▶ Problem details: Please restate every record below word for word and skip the pictures.

▶ Supplied entries:

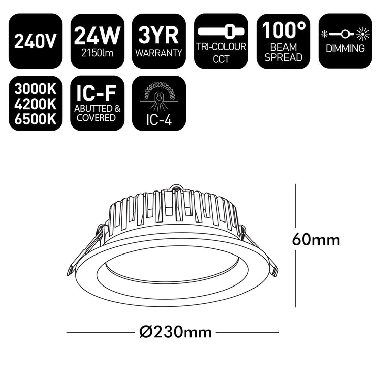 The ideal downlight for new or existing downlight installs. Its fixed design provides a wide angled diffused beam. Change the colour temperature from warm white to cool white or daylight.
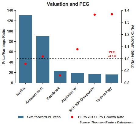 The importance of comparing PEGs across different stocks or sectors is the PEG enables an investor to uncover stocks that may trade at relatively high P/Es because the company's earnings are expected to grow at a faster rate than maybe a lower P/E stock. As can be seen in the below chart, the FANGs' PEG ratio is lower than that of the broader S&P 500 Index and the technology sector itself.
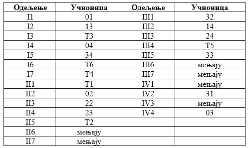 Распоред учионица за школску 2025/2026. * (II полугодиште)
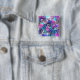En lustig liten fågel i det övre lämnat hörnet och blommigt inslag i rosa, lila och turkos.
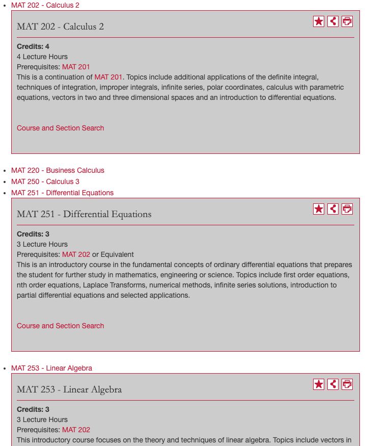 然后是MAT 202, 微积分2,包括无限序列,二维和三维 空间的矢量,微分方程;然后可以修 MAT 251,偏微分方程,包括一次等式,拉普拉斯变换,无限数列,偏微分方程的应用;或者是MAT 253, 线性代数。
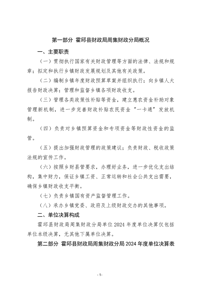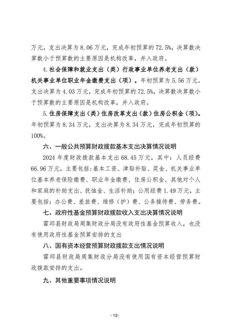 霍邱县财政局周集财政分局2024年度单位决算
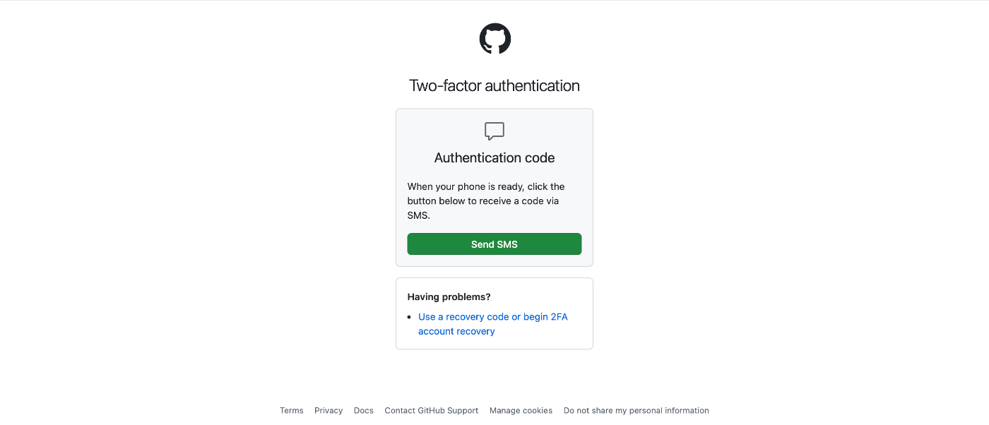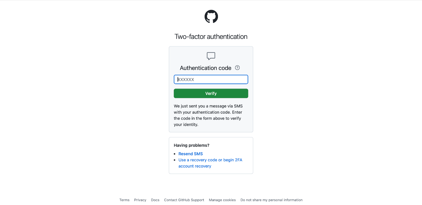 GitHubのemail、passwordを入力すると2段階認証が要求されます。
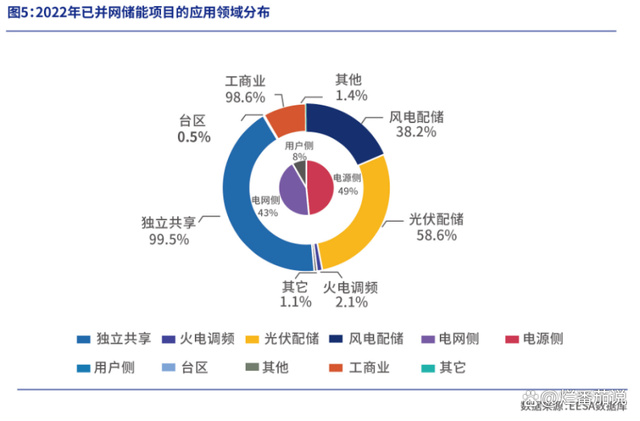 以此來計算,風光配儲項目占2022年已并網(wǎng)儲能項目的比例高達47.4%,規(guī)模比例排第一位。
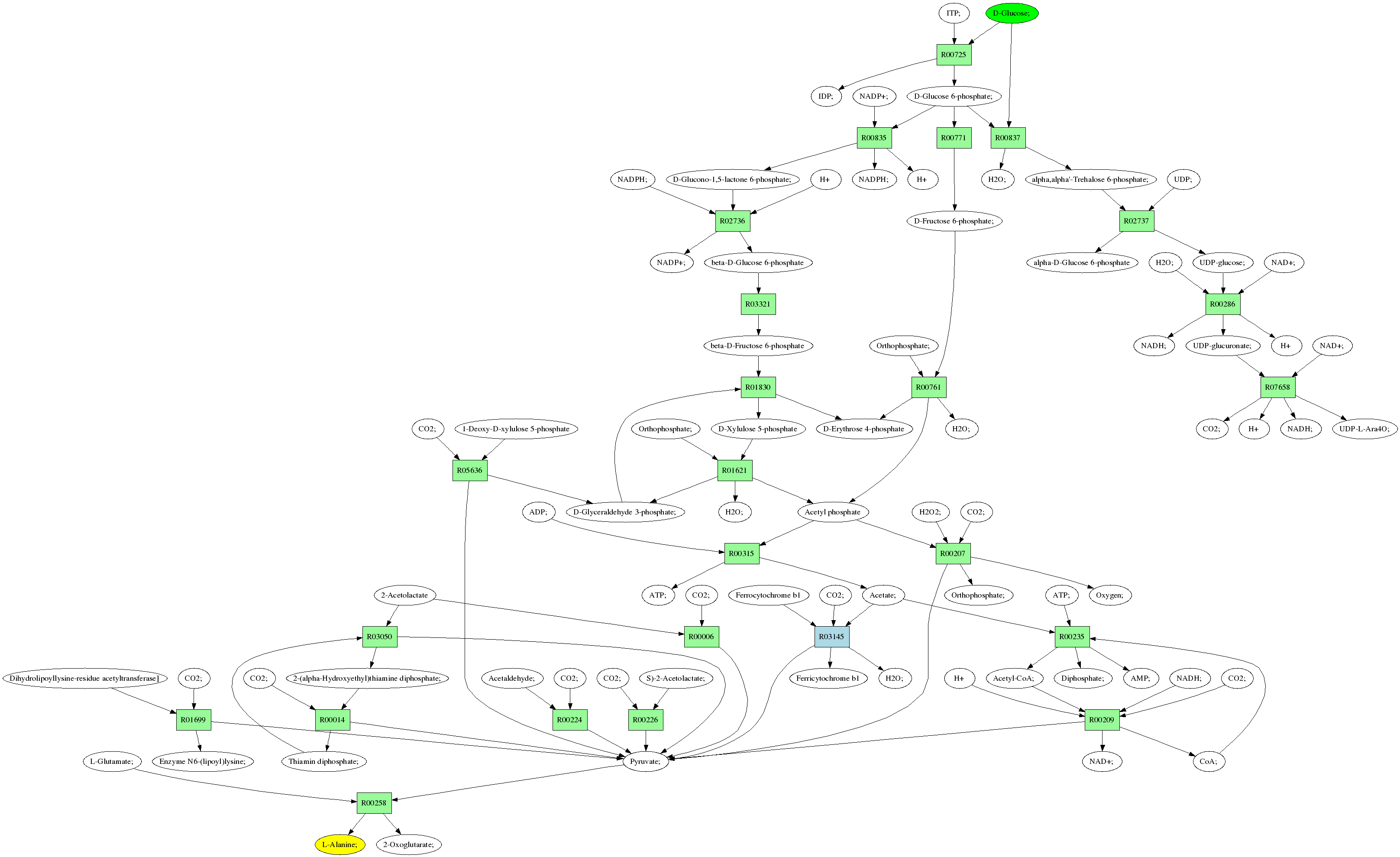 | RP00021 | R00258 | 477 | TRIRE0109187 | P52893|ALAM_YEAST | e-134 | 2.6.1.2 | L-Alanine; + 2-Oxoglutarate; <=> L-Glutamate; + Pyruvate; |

▶ Your response:
 The ideal downlight for new or existing downlight installs. Its fixed design provides a wide angled diffused beam. Change the colour temperature from warm white to cool white or daylight.
 The importance of comparing PEGs across different stocks or sectors is the PEG enables an investor to uncover stocks that may trade at relatively high P/Es because the company's earnings are expected to grow at a faster rate than maybe a lower P/E stock. As can be seen in the below chart, the FANGs' PEG ratio is lower than that of the broader S&P 500 Index and the technology sector itself.
 Распоред учионица за школску 2025/2026. * (II полугодиште)
En lustig liten fågel i det övre lämnat hörnet och blommigt inslag i rosa, lila och turkos.
 然后是MAT 202, 微积分2,包括无限序列,二维和三维 空间的矢量,微分方程;然后可以修 MAT 251,偏微分方程,包括一次等式,拉普拉斯变换,无限数列,偏微分方程的应用;或者是MAT 253, 线性代数。
 霍邱县财政局周集财政分局2024年度单位决算
 GitHubのemail、passwordを入力すると2段階認証が要求されます。
 以此來計算,風光配儲項目占2022年已并網(wǎng)儲能項目的比例高達47.4%,規(guī)模比例排第一位。
 | RP00021 | R00258 | 477 | TRIRE0109187 | P52893|ALAM_YEAST | e-134 | 2.6.1.2 | L-Alanine; + 2-Oxoglutarate; <=> L-Glutamate; + Pyruvate; |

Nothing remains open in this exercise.